For the entries below, the expected answer is the line with "In der Turmhalle", the line with "새로운 스테인레스 스틸", and every line between them, exactly as written, and nothing more.

═════ Study material

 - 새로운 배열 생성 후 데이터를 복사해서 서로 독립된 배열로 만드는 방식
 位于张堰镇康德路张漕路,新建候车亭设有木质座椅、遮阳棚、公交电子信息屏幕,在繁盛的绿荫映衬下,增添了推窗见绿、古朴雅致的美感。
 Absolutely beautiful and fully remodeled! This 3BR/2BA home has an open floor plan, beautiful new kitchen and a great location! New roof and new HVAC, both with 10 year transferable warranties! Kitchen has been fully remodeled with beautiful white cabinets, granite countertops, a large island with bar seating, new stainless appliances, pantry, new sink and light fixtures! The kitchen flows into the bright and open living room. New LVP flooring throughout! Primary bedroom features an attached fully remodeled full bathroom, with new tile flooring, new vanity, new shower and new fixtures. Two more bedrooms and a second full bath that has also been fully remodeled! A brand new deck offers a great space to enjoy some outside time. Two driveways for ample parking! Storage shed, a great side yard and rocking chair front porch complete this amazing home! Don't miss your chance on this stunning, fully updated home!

══════════
═════ Study material

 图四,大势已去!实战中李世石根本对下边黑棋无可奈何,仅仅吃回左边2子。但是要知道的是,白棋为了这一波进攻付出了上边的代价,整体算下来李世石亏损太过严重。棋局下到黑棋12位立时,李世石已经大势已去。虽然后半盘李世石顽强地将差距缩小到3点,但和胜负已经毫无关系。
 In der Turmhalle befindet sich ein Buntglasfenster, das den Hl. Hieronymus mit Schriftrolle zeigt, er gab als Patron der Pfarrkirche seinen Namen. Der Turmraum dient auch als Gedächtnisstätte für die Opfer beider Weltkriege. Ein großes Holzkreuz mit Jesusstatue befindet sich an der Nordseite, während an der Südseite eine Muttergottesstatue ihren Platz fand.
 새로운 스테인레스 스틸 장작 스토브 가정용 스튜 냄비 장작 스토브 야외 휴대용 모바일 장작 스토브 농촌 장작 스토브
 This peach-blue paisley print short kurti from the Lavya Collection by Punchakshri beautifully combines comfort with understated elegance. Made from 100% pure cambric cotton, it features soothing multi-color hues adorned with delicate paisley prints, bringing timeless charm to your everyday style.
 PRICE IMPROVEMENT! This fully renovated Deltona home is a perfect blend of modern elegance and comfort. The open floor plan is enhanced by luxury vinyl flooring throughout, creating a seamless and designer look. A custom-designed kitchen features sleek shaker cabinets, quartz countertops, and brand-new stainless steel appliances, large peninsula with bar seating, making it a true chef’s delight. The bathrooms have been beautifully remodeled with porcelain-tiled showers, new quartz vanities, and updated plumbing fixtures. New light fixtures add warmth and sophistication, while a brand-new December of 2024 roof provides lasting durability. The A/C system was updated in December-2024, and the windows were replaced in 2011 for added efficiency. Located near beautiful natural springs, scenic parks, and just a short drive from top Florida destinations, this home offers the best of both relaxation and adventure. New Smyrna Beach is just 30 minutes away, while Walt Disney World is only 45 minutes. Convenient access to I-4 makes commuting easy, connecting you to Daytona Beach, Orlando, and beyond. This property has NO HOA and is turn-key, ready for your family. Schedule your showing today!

══════════
═════ Study material

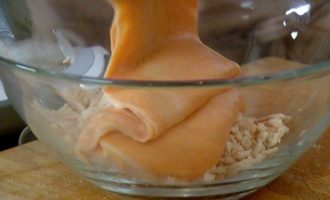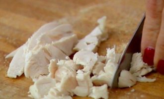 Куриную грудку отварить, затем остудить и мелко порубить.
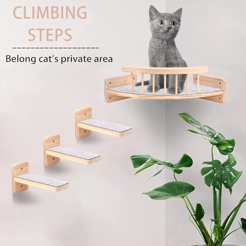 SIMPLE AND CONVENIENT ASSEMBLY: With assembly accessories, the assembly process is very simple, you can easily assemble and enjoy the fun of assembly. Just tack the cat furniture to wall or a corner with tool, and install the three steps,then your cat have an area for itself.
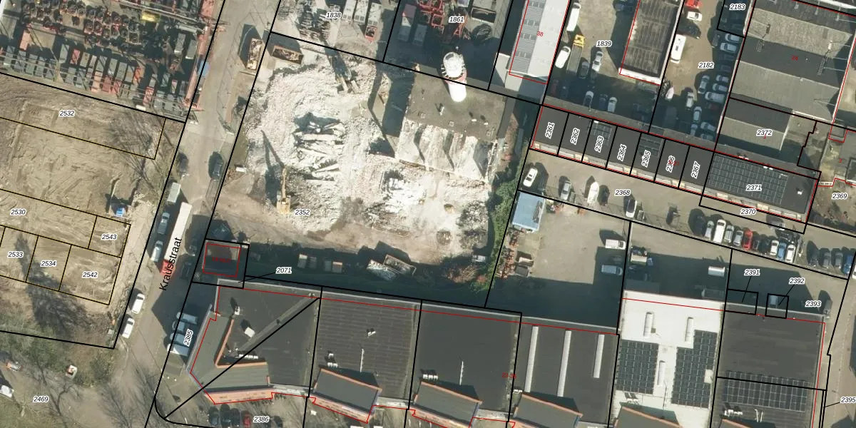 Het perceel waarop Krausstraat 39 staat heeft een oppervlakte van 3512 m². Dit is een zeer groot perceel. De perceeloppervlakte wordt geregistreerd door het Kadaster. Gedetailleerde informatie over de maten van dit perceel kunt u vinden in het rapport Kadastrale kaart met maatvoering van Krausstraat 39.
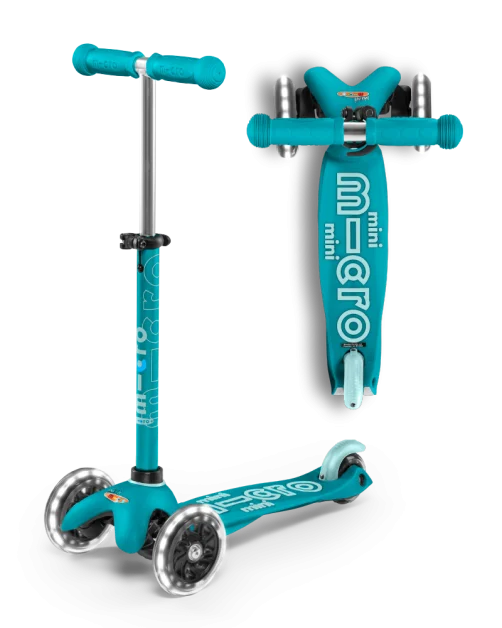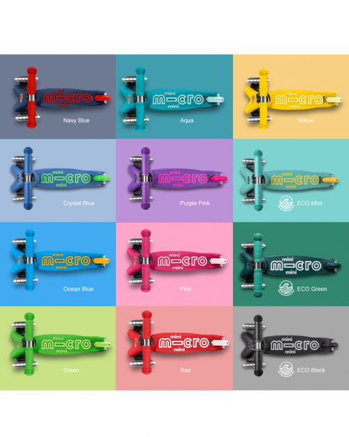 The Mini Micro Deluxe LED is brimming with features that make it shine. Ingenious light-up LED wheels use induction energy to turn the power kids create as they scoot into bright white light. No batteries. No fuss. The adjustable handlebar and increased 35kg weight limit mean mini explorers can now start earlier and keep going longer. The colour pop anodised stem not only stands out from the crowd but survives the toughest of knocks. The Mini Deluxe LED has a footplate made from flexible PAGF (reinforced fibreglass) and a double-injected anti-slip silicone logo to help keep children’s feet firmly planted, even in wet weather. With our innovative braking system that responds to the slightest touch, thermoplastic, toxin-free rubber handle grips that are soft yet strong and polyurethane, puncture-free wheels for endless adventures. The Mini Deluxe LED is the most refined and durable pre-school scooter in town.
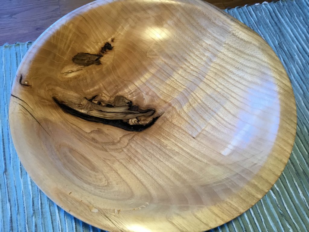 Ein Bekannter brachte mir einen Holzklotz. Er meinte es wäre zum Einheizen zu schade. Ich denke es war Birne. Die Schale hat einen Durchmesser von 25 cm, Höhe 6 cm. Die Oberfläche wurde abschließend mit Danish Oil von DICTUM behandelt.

══════════

Answer area -
 In der Turmhalle befindet sich ein Buntglasfenster, das den Hl. Hieronymus mit Schriftrolle zeigt, er gab als Patron der Pfarrkirche seinen Namen. Der Turmraum dient auch als Gedächtnisstätte für die Opfer beider Weltkriege. Ein großes Holzkreuz mit Jesusstatue befindet sich an der Nordseite, während an der Südseite eine Muttergottesstatue ihren Platz fand.
 새로운 스테인레스 스틸 장작 스토브 가정용 스튜 냄비 장작 스토브 야외 휴대용 모바일 장작 스토브 농촌 장작 스토브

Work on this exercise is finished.